The professors creating the curriculum for the program didn't have much time; they were still writing curriculum when the courses began. "It was really hard on the faculty," Thrun says. "The amount of work they put in was admirable: they spent about 400 hours creating these courses." Whatever gaffs and bugs showed up in the curriculum was not a problem--just part of the organic back and forth of courses. "We had a whole bunch of clerical mistakes. In most cases we heard about it, and fixed it on the fly. It happens in the classroom as well," Thrun says. "Most of those will never show up again."
Then the unanticipated problems started to crop up. When the courses started, two of the three classes didn’t give students precise deadlines for assignments. "We communicated our expectations poorly," concedes Thrun. "We had two deadline-free courses. Especially in these classes, students fell behind. That was a mistake," Thrun declares.
The Udacity team began setting tougher deadlines and aggressively reaching out to students to help them make up for lost time. "We called every single student, sent out text messages and introduced deadlines," recalls Thrun. The effect was big: students caught up to their classes.

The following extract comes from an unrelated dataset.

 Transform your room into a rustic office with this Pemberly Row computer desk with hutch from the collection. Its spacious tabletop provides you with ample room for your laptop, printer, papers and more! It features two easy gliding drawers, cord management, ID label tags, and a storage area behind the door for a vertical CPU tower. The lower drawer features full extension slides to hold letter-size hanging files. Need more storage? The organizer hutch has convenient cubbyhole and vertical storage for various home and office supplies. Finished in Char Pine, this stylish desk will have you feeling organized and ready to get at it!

That push helped in another way: initially many students were unaware of the online tutors (who are real people) who were available online to help, 12 hours a day. But over the weeks, it became clear that the tutoring services were crucial. "The mentoring program was absolutely essential for every student's outcome," Thrun says.
Those tutors were so important because many students lacked even elementary-school-level mathematics knowledge, Thrun says. Among the frequently heard questions: How to divide two numbers? How can you subtract a bigger number from a smaller one? Tutors answered questions and continued to reach out to encourage students.

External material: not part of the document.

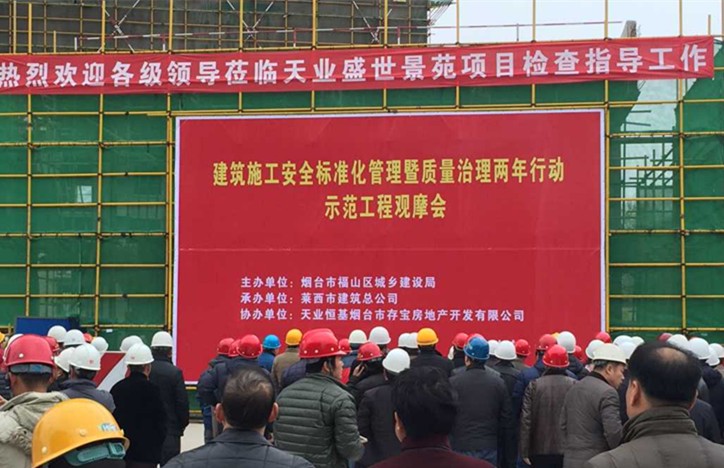 觀摩會上,煙臺市、區(qū)領(lǐng)導(dǎo)對天業(yè)盛世景苑工程的精品做法、施工現(xiàn)場管理、質(zhì)量管理、綠色施工給予了高度評價(jià),特別對現(xiàn)場垃圾處理體系、模板支撐體系、樣板展示給予了充分肯定,并決定在福山區(qū)今后工程施工中推廣應(yīng)用。

As the class progressed, Udacity also realized that many of the students simply couldn't get to a computer regularly enough. For some students, says Thrun, "there were none in the home, [and] even in school they couldn't get the hours needed to make progress. We had to work with the schools directly (to arrange for computer time for Udacity students.) It was actually a big deal." A June article in the Oakland Tribune outlined some of these challenges.
When students did get to the online programs, even navigating the computer systems could be daunting. One of the questions that tutors were frequently asked was how to do exponential notation on a computer. And although the curriculum was delivered on Udacity's platform, assessments were delivered via a separate learning management system used by SJSC. Worse: results on one system took about 48 hours to update on the other, says Thrun.
All that said, when students were surveyed, they said the biggest impediment to succeeding in the class was pacing: they just didn't have enough time. "Sal Khan has strong data that says in math in particular, a more flexible pacing is important for success," Thrun says. "He's been preaching go at your own pace and you can turn a C-level student to an A-level student." Thrun also pointed to Foothill College's "Math My Way" program which has been able to double its student-pass rates by giving students more time.
Thrun is proud of the number of students who completed the class--83% of the students finished, a dramatic increase from the usual, single-digit complete rates that MOOCs have seen. Yet the fact that the students continued to try makes the failed final exams even more poignant: "Yes, it's an enormous failure rate," he concedes. "I won't sleep."
The final analysis of the data from the courses isn't due back from the independent auditor for another two weeks. Once that data is available, Thrun says, he will develop an action plan for carrying on. "Let's improve infrastructure. And address the timing and pacing. I don't want to lock us into a semester frame if we shouldn't do this." Even so, he adds, there's "no doubt that we will carry on."